Inotuzumab had about 66 percent response rate in a retrospective analysis of compassionate use in pediatric patients. It is given once a week IV for 3 weeks and is generally very well-tolerated, but it does affect the liver. And in children who undergo a bone marrow transplant post inotuzumab-induced remission, there appears to be an increased risk of sinusoidal occlusive syndrome. Both will cause a temporary B-cell aplasia and can cause prolonged cytopenias.
What are the available treatments for pediatric B-ALL patients who undergo relapse?
Very few of the discussed therapies are currently approved in pediatrics for first relapse, but there are many studies out there right now investigating the new classes of immunotherapy and cellular therapy.

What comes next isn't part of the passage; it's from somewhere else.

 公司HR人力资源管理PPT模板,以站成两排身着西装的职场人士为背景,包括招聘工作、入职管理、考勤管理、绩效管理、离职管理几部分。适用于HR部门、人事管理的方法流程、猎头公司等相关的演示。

Some of the more interesting studies include the following:
- AALL1331 COG trial (NCT02101853)-blinatumomab randomization on a UK ALL R3 backbone;
- inotuzumab investigational studies (AALL1621, NCT02981628);
- CAR T-cell 19 (NCT03467256) and CD22 (NCT02315612) therapy trials (including the FDA-approved tisagenlecleucel);
- Therapeutic Advances in Childhood Leukemia & Lymphoma (TACL) trials looking at temsirolimus with etoposide and cyclophosphamide (T2014-001, NCT01614197), liposomal vincristine sulfate in combination with UK ALL R3 induction chemotherapy (T2012-002, NCT02879643), and ixazomib in combination with chemotherapy (T2017-002, NCT03817320);
- carfolizimib (NCT02303821); and
- pharmaceutical sponsored trials such as daratumumab.
In addition, new targeted therapies are being matched to genetic and molecular abnormalities which seem to be discovered on almost a monthly basis in leukemia.

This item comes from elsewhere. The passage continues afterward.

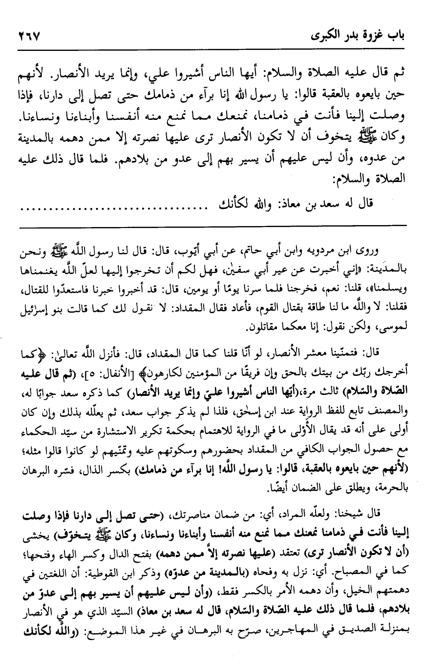 ثم قال عليه الصلاة والسلام: "أيها الناس أشيروا عليَّ"، وإنما يريد الأنصار. لأنهم حين بايعوه بالعقبة قالوا: يا رسول الله إنا برآء من ذمامك حتى تصل إلى دارنا، فإذا وصلت إلينا فأنت في ذمامنا، نمنعك مما نمنع منه أنفسنا وأبناءنا ونساءنا. وكان صلى الله عليه وسلم يتخوف أن لا تكون الأنصار ترى عليها نصرته إلا ممن دهمه بالمدينة من عدوه، وأن ليس عليهم أن يسير بهم إلى عدو من بلادهم. فلما قال ذلك عليه الصلاة والسلام:

What are some of the challenges in your treatment of pediatric B-ALL patients?
Standard risk ALL has a 95-98 percent cure rate, which is hard to beat. The toxicity of combined chemotherapy has also been mitigated to minimize late effects. However, other subsets of ALL, including infant KMT2A rearranged ALL, Philadelphia-like ALL, and hypodiploid ALL have much worse outcomes and are our biggest challenges. Designing trials that allow these patients access to newer immune-based or targeted therapies is a priority for pediatric oncologists.
What do you see as future directions for pediatric B-ALL therapy?
Each new diagnosis will have their leukemia interrogated to assess for targeted therapy and immunotherapy options that will come into play much sooner. For some of the patients with poor outcomes, moving up immunotherapy earlier and not waiting for relapse will lead to decreased need for bone marrow transplant due to fewer relapses and more alternative cellular therapies.